# [EXERCISE GOAL]
The answer must consist solely of the lines below starting at the one containing "如果想增强效果,可以尝试添加:(orange dress, rings, jewerly, pearl" and ending at the one containing "우선 'DART' 혹은", repeated exactly, with both ends included and all pictures omitted.

# [RECORDS FOR THE EXERCISE]
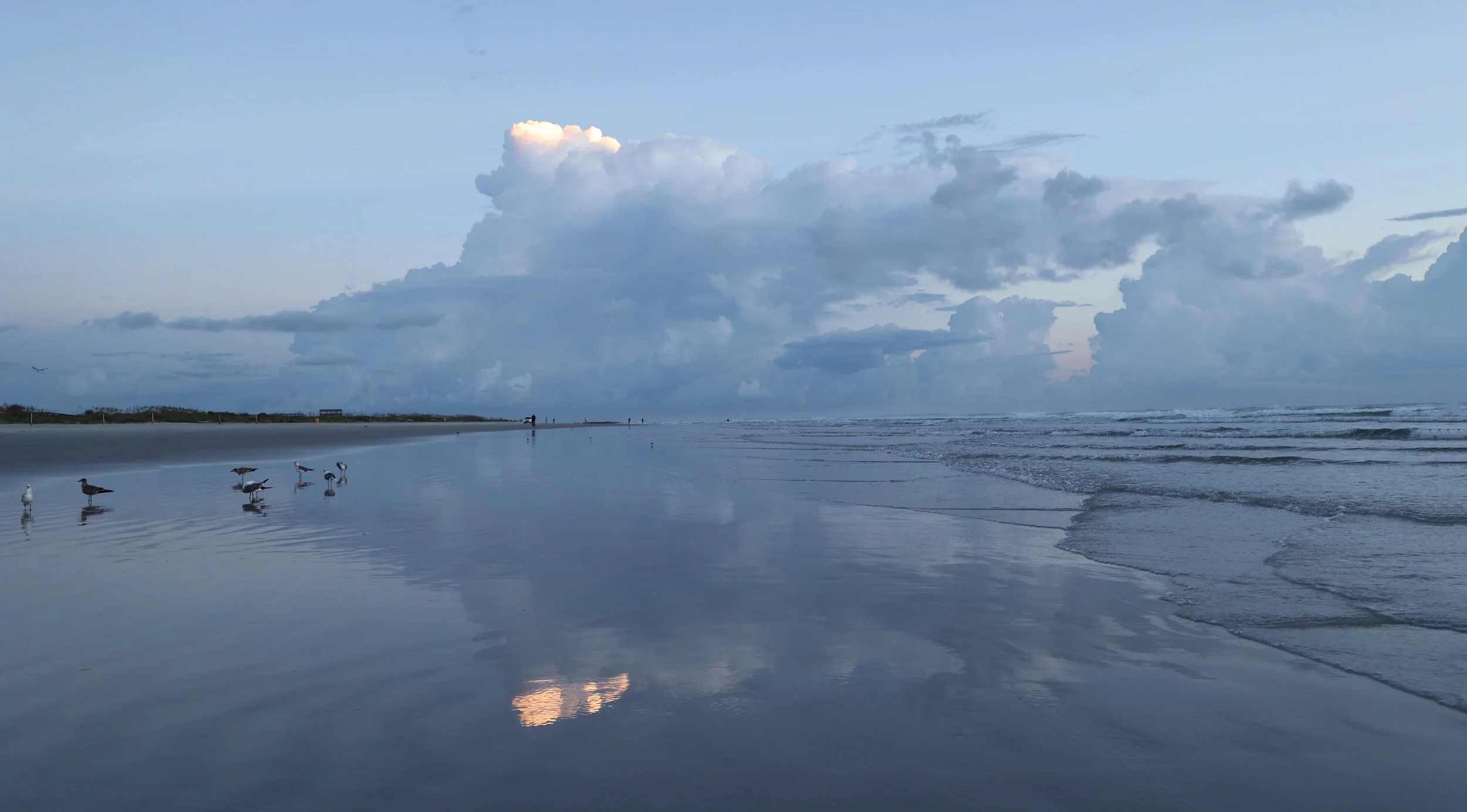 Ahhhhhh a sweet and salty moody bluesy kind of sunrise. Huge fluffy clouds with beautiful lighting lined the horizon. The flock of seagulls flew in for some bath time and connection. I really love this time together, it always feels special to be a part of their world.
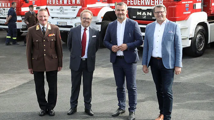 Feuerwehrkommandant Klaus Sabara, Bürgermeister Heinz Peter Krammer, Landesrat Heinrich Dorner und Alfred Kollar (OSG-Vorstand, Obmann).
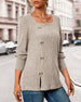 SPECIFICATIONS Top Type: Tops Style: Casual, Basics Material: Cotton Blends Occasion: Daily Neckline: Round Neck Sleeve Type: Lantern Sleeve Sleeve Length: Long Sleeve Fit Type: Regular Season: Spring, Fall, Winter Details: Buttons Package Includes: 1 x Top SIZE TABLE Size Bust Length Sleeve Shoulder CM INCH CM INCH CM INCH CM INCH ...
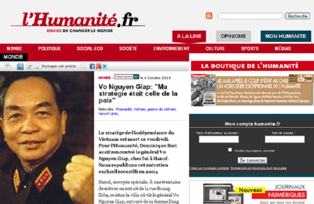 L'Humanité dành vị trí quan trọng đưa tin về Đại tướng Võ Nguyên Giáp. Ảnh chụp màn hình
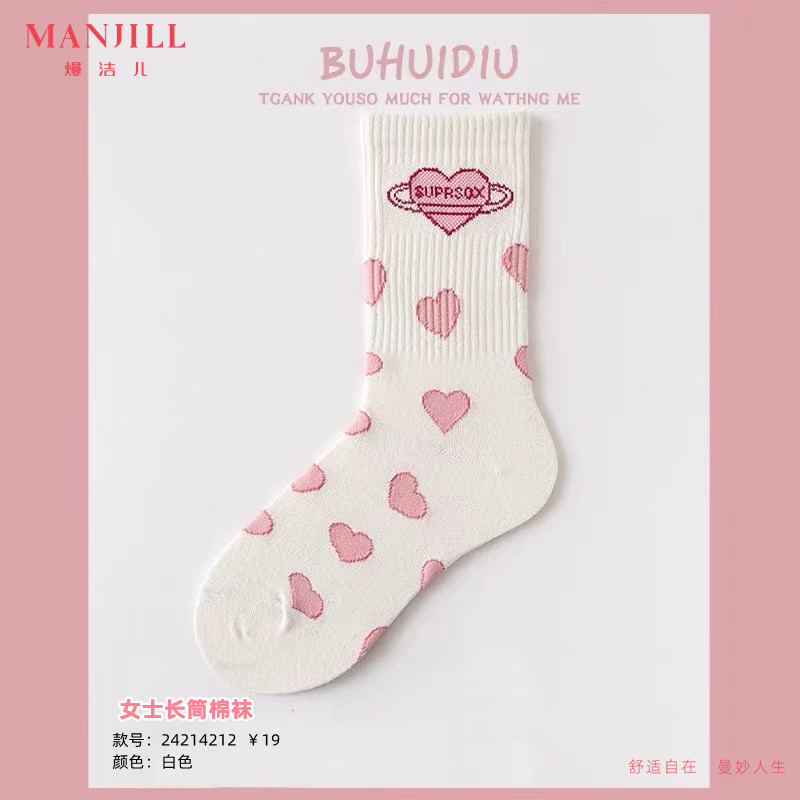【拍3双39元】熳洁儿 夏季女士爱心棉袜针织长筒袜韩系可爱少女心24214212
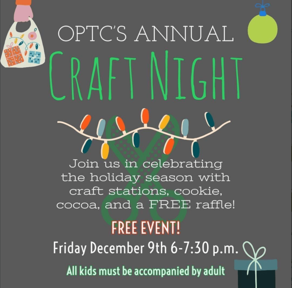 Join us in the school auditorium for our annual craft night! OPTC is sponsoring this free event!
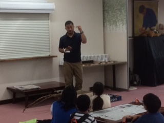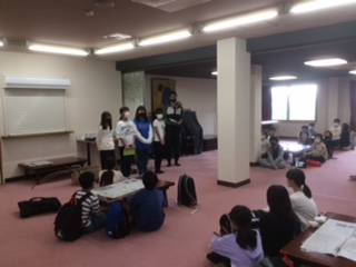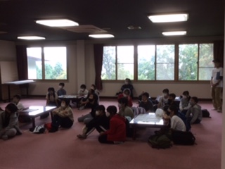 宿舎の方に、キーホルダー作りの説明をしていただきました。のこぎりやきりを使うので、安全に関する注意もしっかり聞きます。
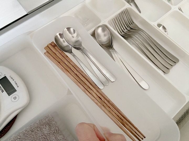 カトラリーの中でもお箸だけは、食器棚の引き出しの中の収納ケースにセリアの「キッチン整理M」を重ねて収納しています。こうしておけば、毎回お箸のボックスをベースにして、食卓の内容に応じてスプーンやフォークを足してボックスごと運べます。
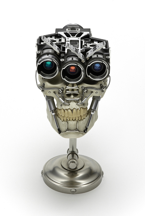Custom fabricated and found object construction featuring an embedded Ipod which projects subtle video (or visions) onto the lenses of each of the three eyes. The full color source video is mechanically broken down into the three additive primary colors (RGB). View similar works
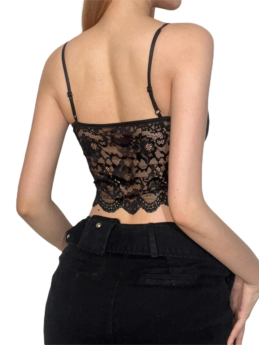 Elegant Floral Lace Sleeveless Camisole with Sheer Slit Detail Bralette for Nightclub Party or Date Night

* * *

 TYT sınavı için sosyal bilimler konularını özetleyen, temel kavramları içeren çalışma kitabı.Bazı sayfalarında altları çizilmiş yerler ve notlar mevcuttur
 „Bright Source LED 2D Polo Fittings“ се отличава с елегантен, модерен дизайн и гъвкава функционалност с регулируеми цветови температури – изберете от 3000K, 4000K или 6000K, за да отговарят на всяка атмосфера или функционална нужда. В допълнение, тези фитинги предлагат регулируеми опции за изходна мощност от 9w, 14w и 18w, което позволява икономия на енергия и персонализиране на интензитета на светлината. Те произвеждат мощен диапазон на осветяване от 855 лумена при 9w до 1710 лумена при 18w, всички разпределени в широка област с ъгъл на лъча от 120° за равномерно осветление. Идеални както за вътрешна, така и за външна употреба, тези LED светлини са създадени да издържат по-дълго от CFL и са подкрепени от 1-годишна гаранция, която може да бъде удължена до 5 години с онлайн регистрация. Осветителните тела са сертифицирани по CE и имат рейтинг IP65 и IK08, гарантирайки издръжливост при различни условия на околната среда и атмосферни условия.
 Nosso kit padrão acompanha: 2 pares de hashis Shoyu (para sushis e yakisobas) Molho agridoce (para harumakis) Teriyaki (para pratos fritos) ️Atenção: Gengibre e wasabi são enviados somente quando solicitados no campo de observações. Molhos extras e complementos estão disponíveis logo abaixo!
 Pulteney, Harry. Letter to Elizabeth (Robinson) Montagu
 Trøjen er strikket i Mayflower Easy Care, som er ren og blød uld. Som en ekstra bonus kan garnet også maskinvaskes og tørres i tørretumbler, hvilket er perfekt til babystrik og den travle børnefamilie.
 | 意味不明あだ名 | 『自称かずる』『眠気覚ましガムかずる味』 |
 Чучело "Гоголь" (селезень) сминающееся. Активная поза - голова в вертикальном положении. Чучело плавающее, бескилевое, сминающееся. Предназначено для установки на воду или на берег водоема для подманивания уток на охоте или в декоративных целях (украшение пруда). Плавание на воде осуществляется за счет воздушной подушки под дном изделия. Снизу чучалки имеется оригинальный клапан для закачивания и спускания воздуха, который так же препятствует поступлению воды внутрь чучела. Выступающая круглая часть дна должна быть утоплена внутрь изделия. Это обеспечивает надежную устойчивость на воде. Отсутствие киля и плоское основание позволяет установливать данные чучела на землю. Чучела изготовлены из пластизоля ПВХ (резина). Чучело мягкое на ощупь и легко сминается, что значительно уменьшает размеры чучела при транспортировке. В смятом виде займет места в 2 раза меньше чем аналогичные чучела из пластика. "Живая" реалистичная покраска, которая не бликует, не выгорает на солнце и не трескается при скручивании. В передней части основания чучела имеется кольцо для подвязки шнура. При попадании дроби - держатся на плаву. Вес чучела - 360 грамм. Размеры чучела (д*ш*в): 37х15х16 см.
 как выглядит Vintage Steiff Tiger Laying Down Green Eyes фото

--

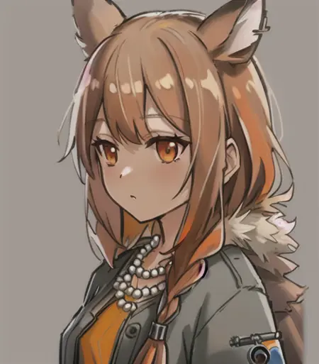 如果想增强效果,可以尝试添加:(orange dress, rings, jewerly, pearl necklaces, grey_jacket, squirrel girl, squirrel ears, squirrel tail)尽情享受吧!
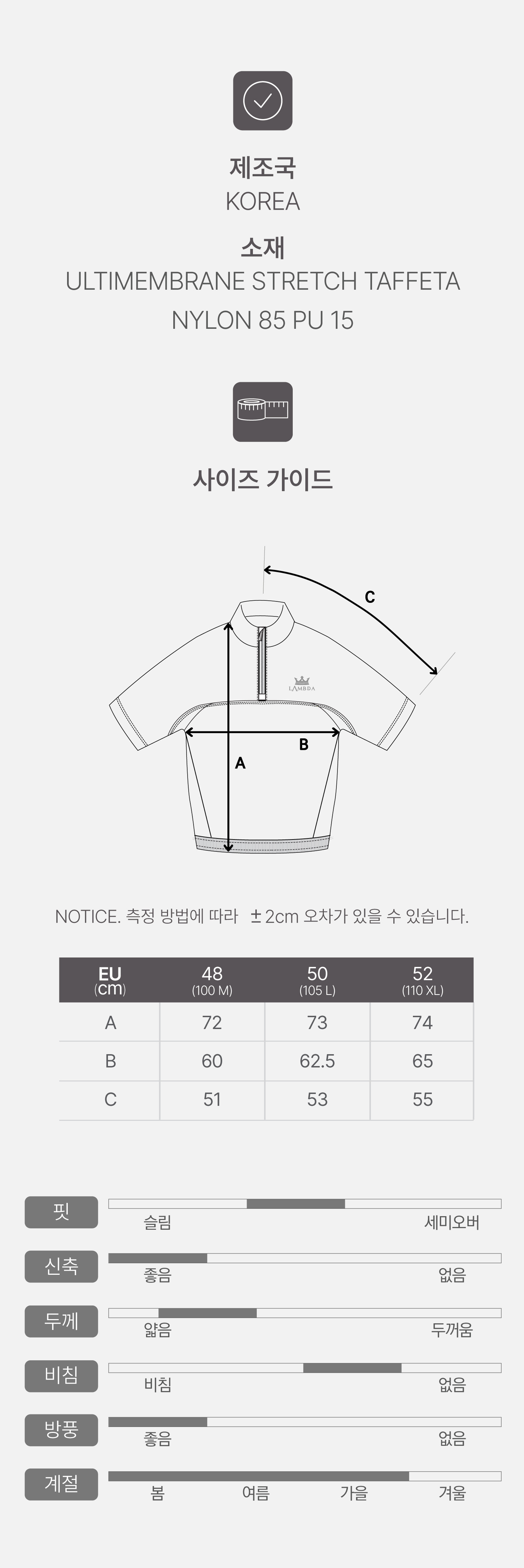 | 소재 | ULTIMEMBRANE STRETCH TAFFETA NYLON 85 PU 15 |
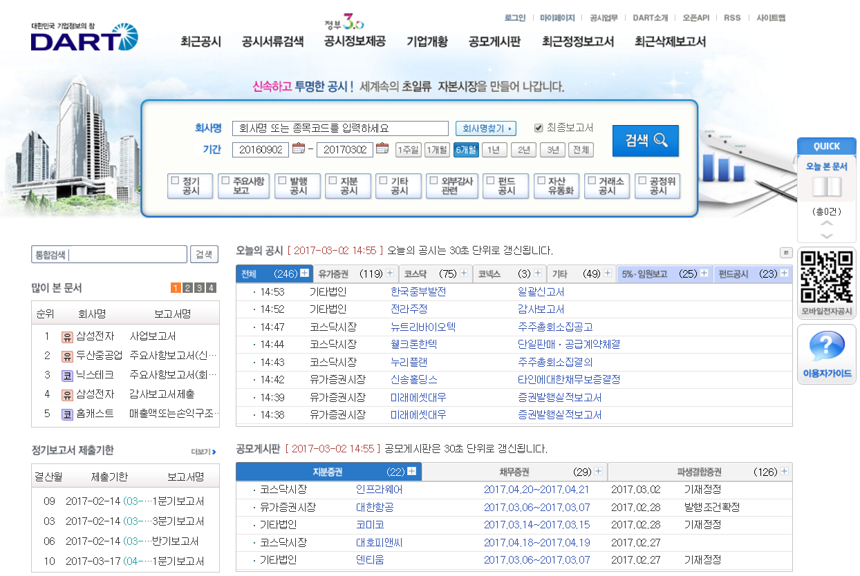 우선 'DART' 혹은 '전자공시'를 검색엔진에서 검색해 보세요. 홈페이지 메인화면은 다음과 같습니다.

# [ANSWER FOR THE TASK]
 如果想增强效果,可以尝试添加:(orange dress, rings, jewerly, pearl necklaces, grey_jacket, squirrel girl, squirrel ears, squirrel tail)尽情享受吧!
 | 소재 | ULTIMEMBRANE STRETCH TAFFETA NYLON 85 PU 15 |
 우선 'DART' 혹은 '전자공시'를 검색엔진에서 검색해 보세요. 홈페이지 메인화면은 다음과 같습니다.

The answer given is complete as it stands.